IS has carried out killings of Christians, Yazidis, and other religious minorities in its captured cities throughout Iraq and Syria, but it has also executed its own fighters on a number of occasions. Reports from the end of October claimed that the jihadists burned alive nine of their fighters for attempting to flee the battlefield.

"ISIS terrorist gangs executed nine of its members for fleeing the battle against the security forces in Mosul by throwing them in trenches containing burning oil, after tying their hands and legs," Al Sumaria News reported.

"ISIS used the burning oil trenches to impede the visibility of the Iraqi Air Force and international coalition air force," the report added.

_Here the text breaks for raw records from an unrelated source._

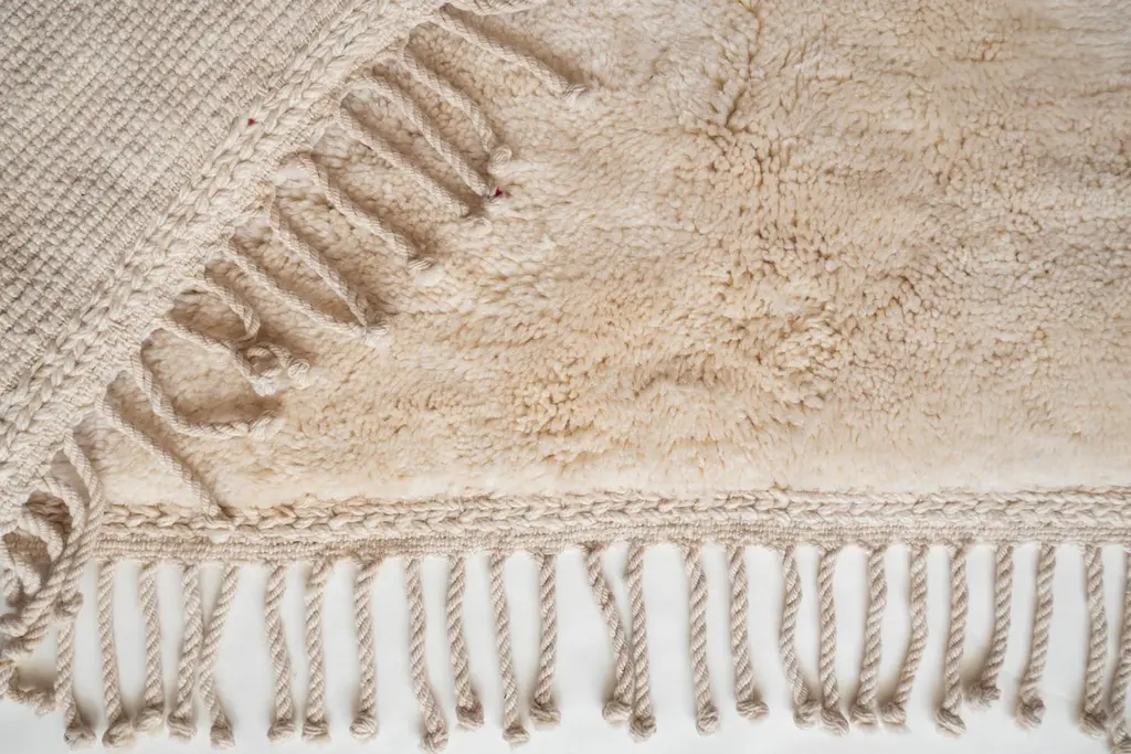 We exclusively create custom, individual rugs for you. This means we do not produce unnecessary items, and we prioritize respecting nature.Beni Mrirt rugs are made from 100% soft and high-quality sheep's wool, carefully gathered and maintained. These rugs are considered the diamonds of Moroccan carpet collections, thanks to their exceptional quality. At first glance, Beni Mrirt and Beni Ourain rugs may seem similar, but there are significant differences between them. The knot-tying technique of the Beni Mrirt rug is finer, with tighter weaving. The ornaments and color palettes also differ.In addition to widely used geometric patterns, these rugs can be adorned with abstract compositions and traditional Berber symbols in various colors, ranging from black and brown to indigo and ochre. Please note that after the final finishing process, slight variations in color shades and size may occur.
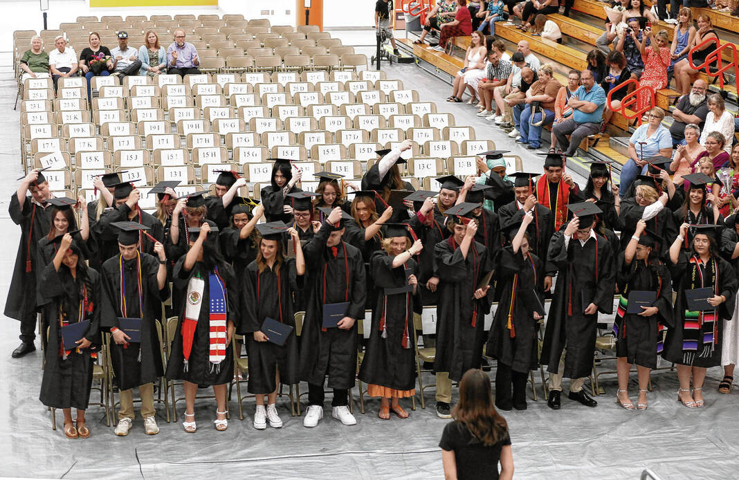 Carla Clark | For The Republic The turning of the tassels during the CSA New Tech Commencement Ceremony at Columbus East High School, Columbus, Ind., Friday, May 24, 2024.
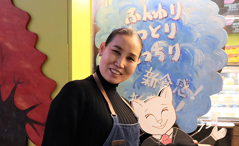 卵色のイメージカラーに猫のマスコットキャラクターなどで楽しくディスプレイされたお店に入ると、ショーケースにはカットした新カステラがずらりと並んでいます。その横には隣の工房で焼きあげた、カット前の大きなカステラがスタンバイして、なかなか迫力のあるサイズです。台湾発のカステラ菓子を初めて日本に紹介したのは、店長のミさんです。
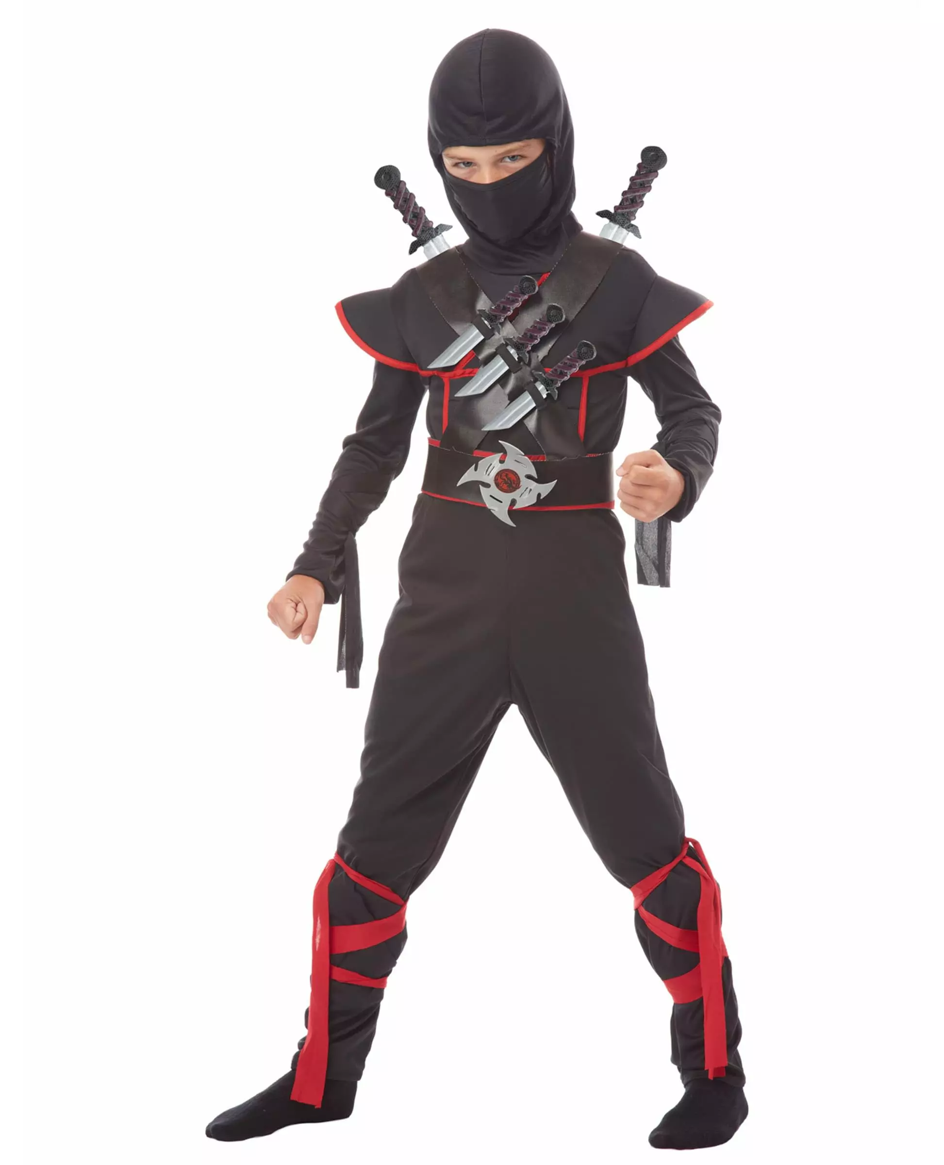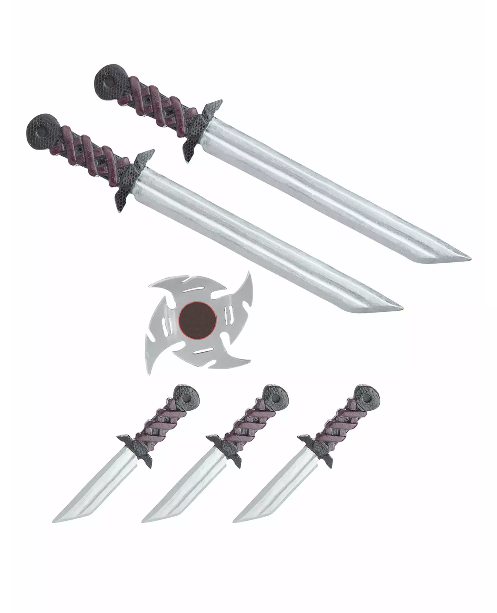 real ninja! This ninja weapons kit includes 3 daggers, 2 swords, a ninja star, and a belt to tie it all together. The plastic daggers and swords have a silver blade. Their handles are black with a burgundy grid pattern. The plastic ninja star is silver with a black center. The belt is leather-like. This outfit is perfect for being the ninja of the party. Accessories included: Two swords Three daggers Ninja star Belt
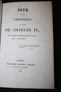 [Mérimée] : 1572. Chronique du temps de Charles IX par l'auteur du Théatre de Clara Gazul. Paris, Mesnier, 1829, in-8 dos basane marbrée, [4], XV, [1] bl., 383 pp. Edition originale assez rare et recherchée dit Clouzot. Quelques petites...
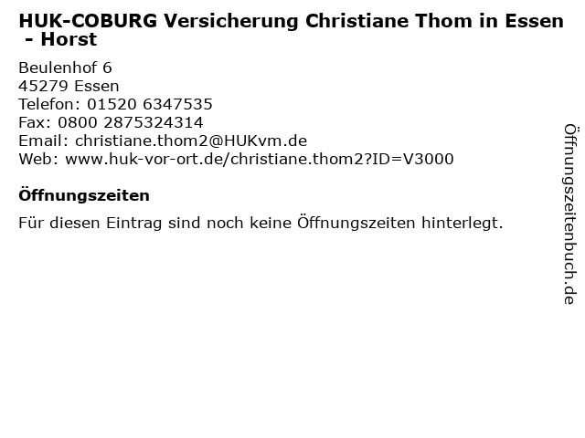 | HUK-COBURG Versicherung Christiane Thom in Essen - Horst anrufen | |
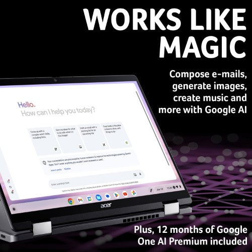 Powered by the latest Intel® Core™ Ultra Processors1–the Acer Chromebook Plus Spin 714 is the embodiment of power and portability. A premium thin and light 2-in-1 convertible Chromebook for on-the-go study, work, or play.Your Style, Your Way
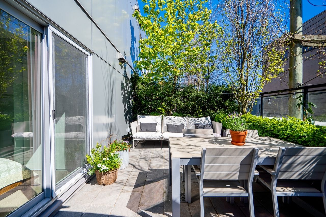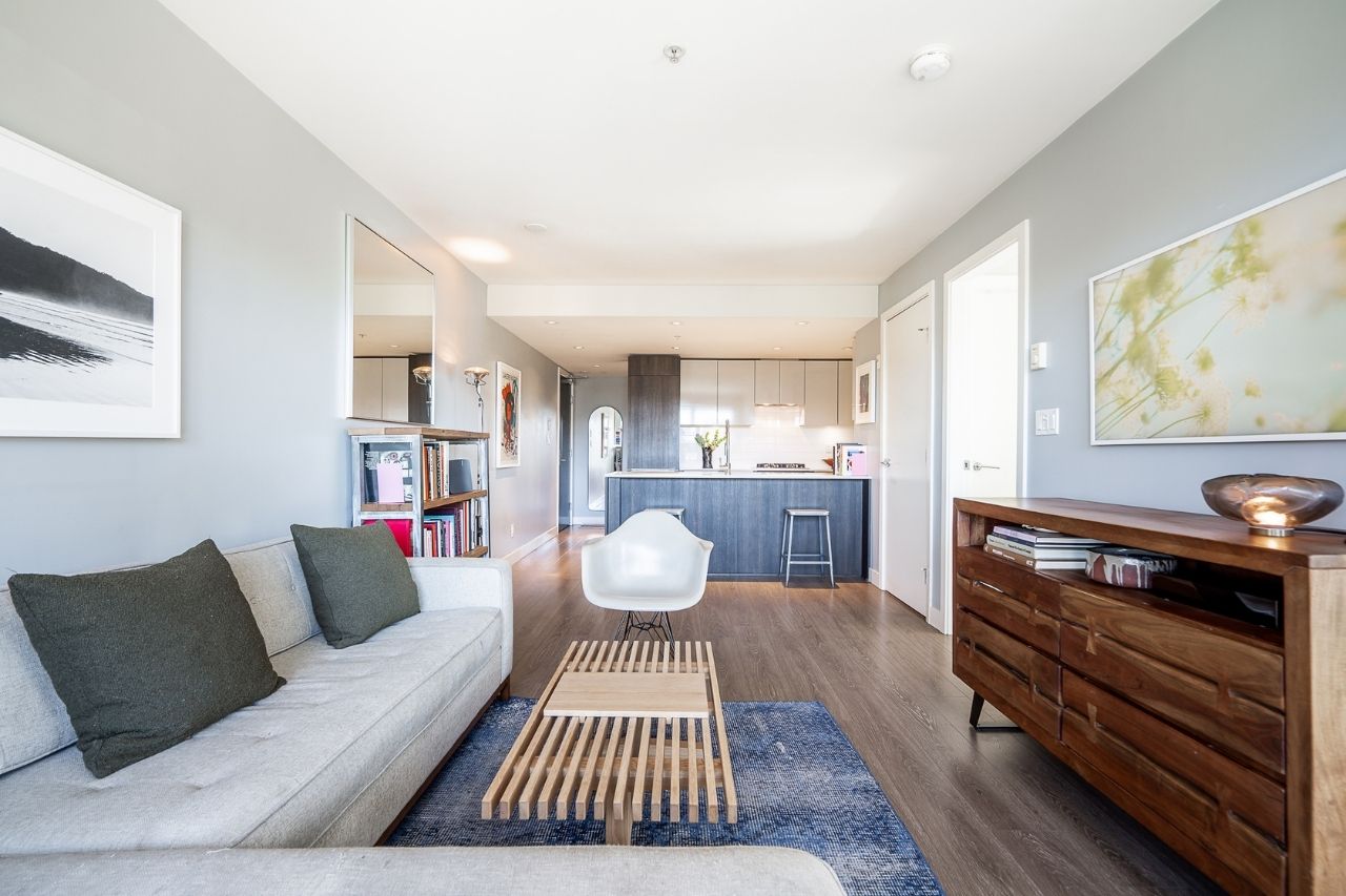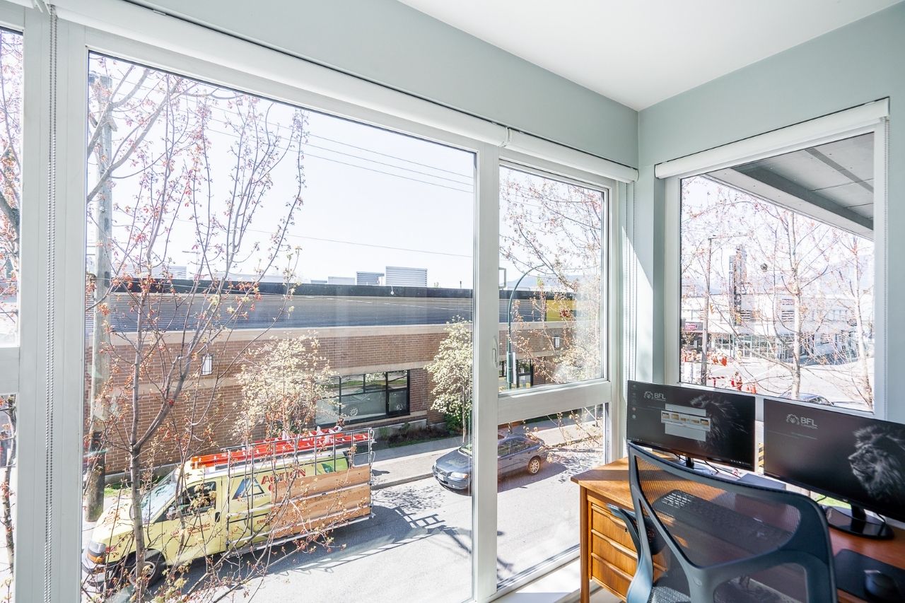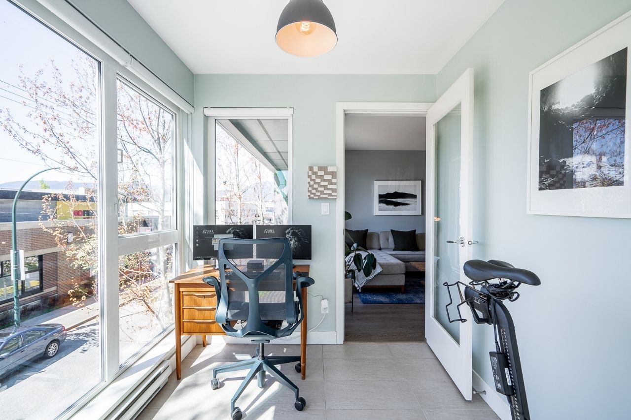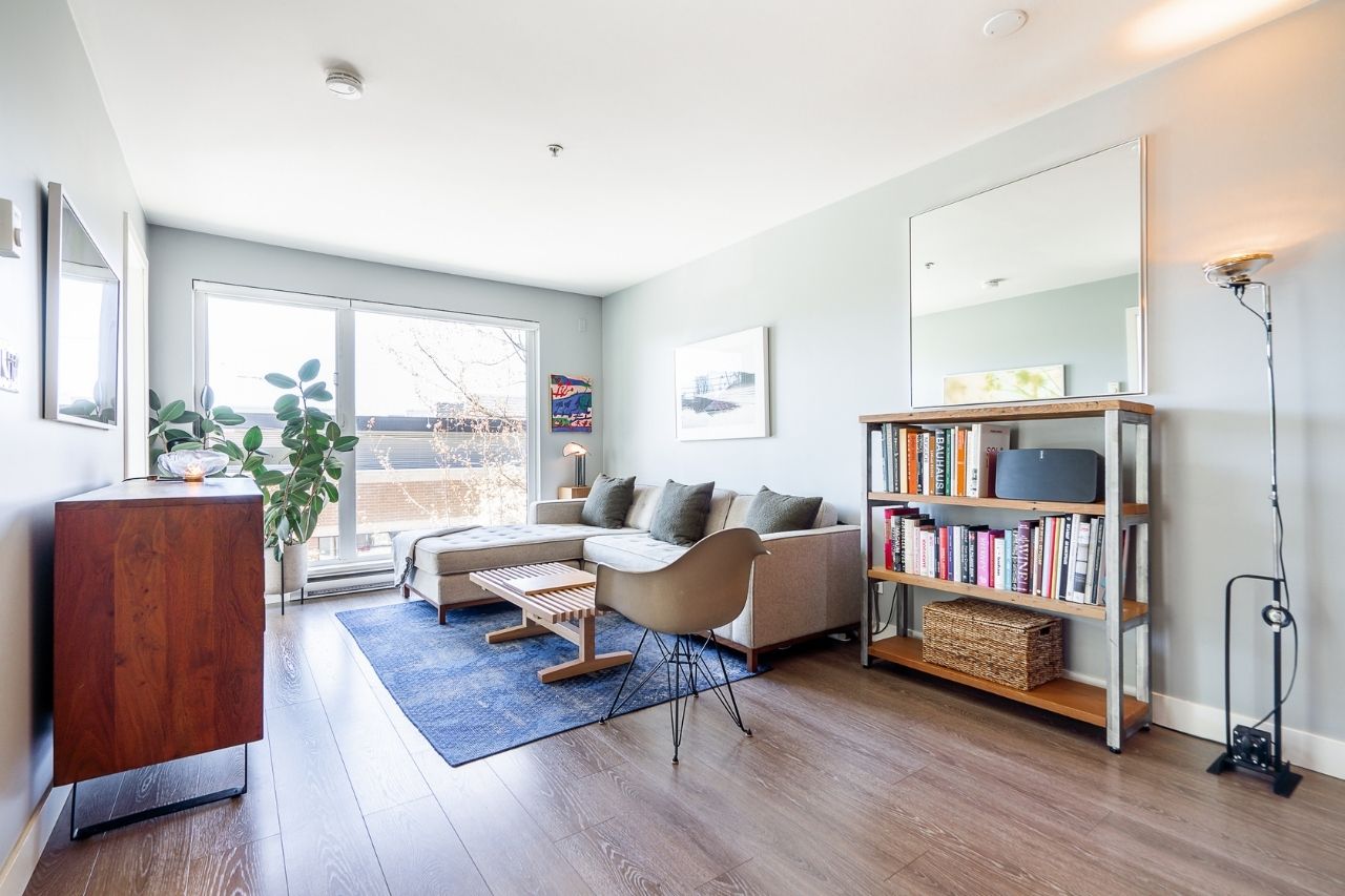 Experience the epitome of urban living in this unique 1 bed + den condo at The Boheme, nestled in vibrant East Vancouver. This corner-end unit boasts high ceilings and is located on the quiet side of the building, offering tranquility amidst the city buzz. The bright and spacious layout includes a generously sized bedroom, an office, with a partial view of the North Shore mountains that can double as a junior second bedroom, and an extra flex room. The open living and dining area seamlessly integrates with the chef's kitchen, featuring quartz countertops, integrated appliances, and modern cabinetry. Step outside to your private 214sqft sun-drenched patio which includes a mature, irrigated garden...perfect for morning coffee or evening relaxation. Enjoy the convenience of amenities such as a fitness center, party room, and outdoor courtyard with a playground. This excellent building, still under warranty, and the condo comes with secure parking and storage. Centrally located on the Mclean bike route, you're just steps away from the best restaurants, breweries, and shopping in Hastings Sunrise and Commercial Drive, offering the best value in East Vancouver's vibrant lifestyle.
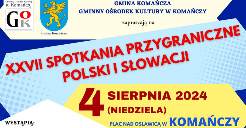 Zapraszamy serdecznie na XXVII Spotkania Przygraniczne Polski i Słowacji, które odbędą się w dniu 4 sierpnia 2024 r. (niedziela) na placu nad Osławicą w Komańczy.

A separate Al Sumaria report described the actions of an Iraqi marksman known by the name "Sniper of Mosul," who has been killing off IS jihadis in the war-torn city.

The marksman reportedly helped save the life of an Iraqi teenager accused of supporting the coalition offensive to push IS out of the city only moments before a militant was going to behead him.

"The emergence of the Sniper of Mosul, as the residents call him, increased the pace of the popular resistance against ISIS," the article described.

"The presence of the sniper in four neighborhoods emphasizes that there are many snipers and not only one."

Iraqi ground forces have already liberated several villages surrounding Mosul as part of their advancement, but so far the terror group has not hinted at any plans for surrender in the main city.